Material from 10 drones/drone larvae from each hive was pooled prior to DNA extraction. Genomic DNA (gDNA) was extracted from pooled heads of adult drones and pooled larval material (avoiding the gut). The “Quick-DNA Tissue/Insect 96 Kit” (Zymo Research, Irvine, CA, USA) was used for all extractions, but the standard protocol was modified to accommodate the extraction from pooled larva samples. For the pools of adult drone heads, a 2010 GenoGrinder® (SPEX® SamplePrep, Metuchen, NJ, USA) was used at 1200 rpm for 8 min (note that full sample lysis was not achieved). The resulting DNA yields were measured by Qubit® dsDNA HS Assay Kit (ThermoFisher Scientific, Waltham, MA, USA). For the larval samples, the BashingBeads tissue lysis step was replaced with the following protocol: around 2 mg material each from 6 drone larvae was placed in a 1.5 ml centrifugation tube with a 3.2 mm stainless steel ball bearing and 1 ml of lysis buffer and homogenized in two 30 s steps in a QIAGEN® TissueLyser II (QIAGEN, Venlo, NL). 100 μl of the lysate were then transferred into the second step of the Quick-DNATM 96 kit.
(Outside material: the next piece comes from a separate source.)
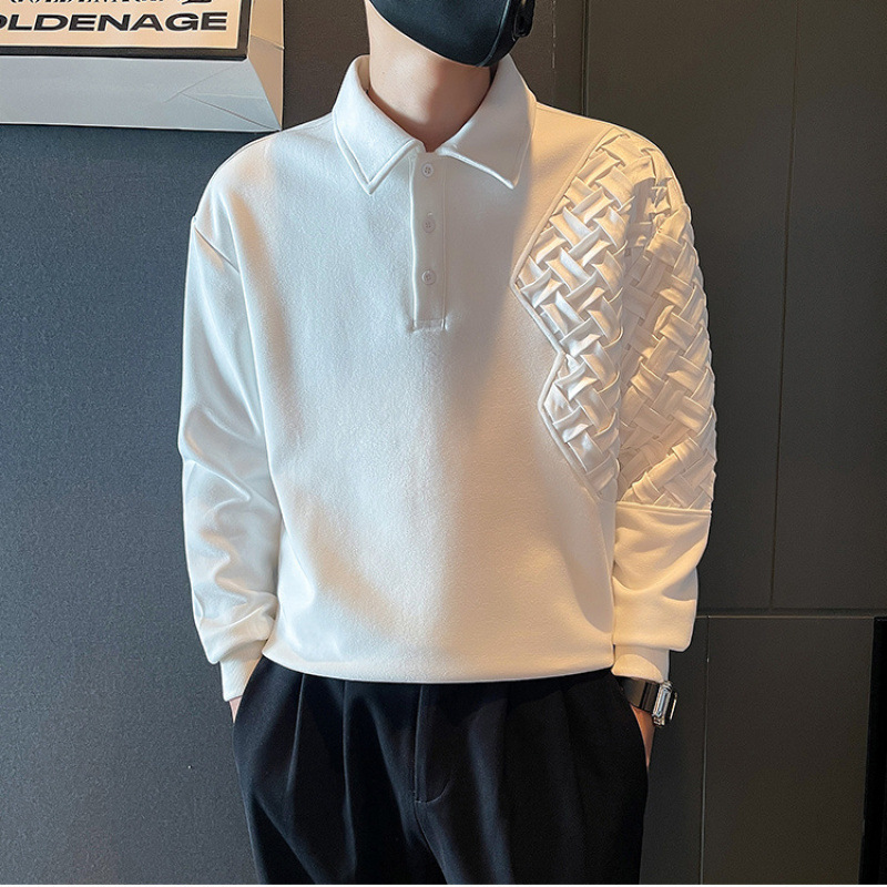 남자 스웨터 봄과 가을 2024 새로운 폴로 셔츠 남성용 러피 잘 생긴 봄 코트 긴팔 티셔츠 남성스토어 가기

2.2 Genotyping-by-sequencing

GBS (Elshire et al. 2011) is one of several genotyping methods using restriction enzymes to produce a reduced representation of the genome. For this study, a double digest with restriction enzymes ApeK1 and Msp1 was carried out on 388 samples. An optimized version of the original GBS protocol was followed that is routinely used for industry-wide GBS studies (Dodds et al. 2015). Using 100 ng of DNA per sample, 3 indexed GBS libraries were prepared and purified using the Pippin Prep (SAGE Science, Beverly, MA, USA) for size selection to generate DNA sequencing libraries with 150–500 bp fragment length. On an Illumina HiSeq2500, single-end sequencing (1 × 100) was performed, resulting in around 27 Gb of raw sequence data per lane. Raw fastq files were quality checked using FastQC v0.10.1 (Andrews 2010) before further analysis.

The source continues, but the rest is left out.